Mon. Mar 31st, 2025
Occasional Digest - a story for you

Kiki Rice remembers the feeling. The bitter emotions she felt sitting on the training table in UCLA’s locker room in Albany, N.Y., while processing yet another Sweet 16 loss.

A year later, the shock has worn off, but the disappointment has remained. UCLA’s star point guard wants to make her third trip to the NCAA regional semifinal the charm.

“Coming out here the last two times and not having won really is a sour taste in all our mouths,” Rice said. “[We learned] the extra competitiveness and energy that we’ll play with because we don’t want to have that same feeling again.”

UCLA, which will face No. 5 seed Mississippi at 7 p.m. PDT Friday at Spokane Arena, is in the Sweet 16 for the seventh time in the last 10 years. After the Bruins (32-2) blew out Richmond in the second round, their celebration was business-like. They quickly assembled in the handshake line then walked around the court to salute their home fans.

An appearance during the second weekend of the NCAA tournament is now “an expectation” for the program, coach Cori Close said after the second round.

“We’re going to have habits that lead us to those places,” she added, “and now we’ve got to push the envelope.”

UCLA has reached the NCAA Elite Eight only twice and not since 2018. The program’s first top-rated recruiting class — led by current WNBA veterans Jordin Canada and Monique Billings — anchored the historic season that brought the Bruins to the regional final for the first time since 1999.

The program’s second No. 1 recruiting class is ready to go even further. Rice, Gabriela Jaquez and Londynn Jones formed the core of the group that pushed South Carolina to the brink twice as freshmen. That season, a Sweet 16 run that ended against No. 1-seeded South Carolina felt like an overachievement. A disappointment against Louisiana State as sophomores was a necessary motivational setback.

Players remembered how uncomfortable LSU made them during the 78-69 loss when they lined up during spring workouts to run through a set for the umpteenth time. They set their alarm clocks for early morning workouts. Coaches, managers and scout team members arrived early and stayed late to rebound.

Close called this team “the hardest-working group I’ve ever had a chance to be around as a collective whole.”

“Our team really understands that all the work that we’ve put in since we lost the last Sweet 16 is applying now,” Jaquez said. “It’s really hard to see that at that time because it’s so far away but in reality, it’s going to apply. … We understand that we all had to individually get better, and as a team, collectively get better and understand that we don’t like that feeling and we can change it so let’s do that.”

Instead of landing in a regional on the other side of the country like when they were sent to Albany, N.Y., and matched up with the defending national champions in the Sweet 16, the Bruins’ historic regular season positioned them well for the postseason. They grabbed the No. 1 overall seed, remained on the West Coast for their regional and were placed in a bracket that has no conference tournament champions remaining in the regional semifinals.

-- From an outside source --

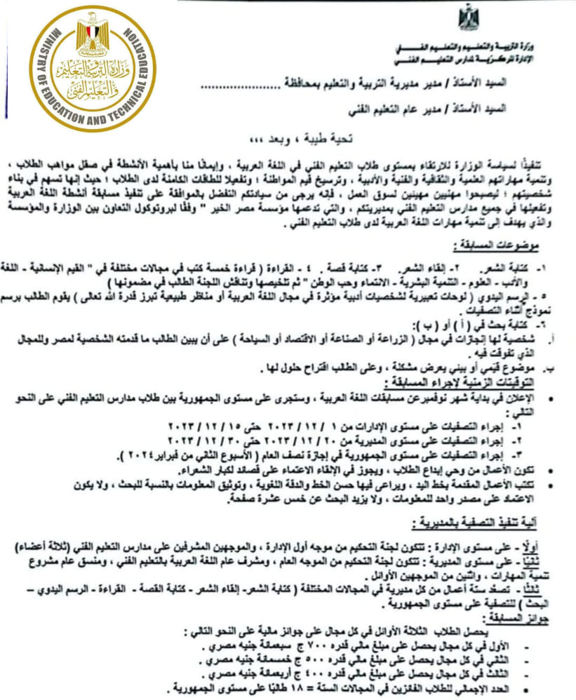 الإعلان في بداية شهر نوفمبر عن مسابقات اللغة العربية، وستجرى على مستوى الجمهورية بين طلاب مدارس التعليم الفني على النحو التالي:

If the Bruins get past their reunion with former teammate Christeen Iwuala, who was part of UCLA’s vaunted recruiting class before transferring to Ole Miss this season, they will face No. 2 North Carolina State or No. 3 LSU on Sunday for a place in the Final Four. The potential rematch against the team that knocked the Bruins out of the tournament last season sent murmurs around UCLA’s selection show watch party last week.

“I know what this team wants at the end of the day, and we have all the parts to do it,” center Lauren Betts said. “I just think it’s going to be us stopping us at the end of the day.”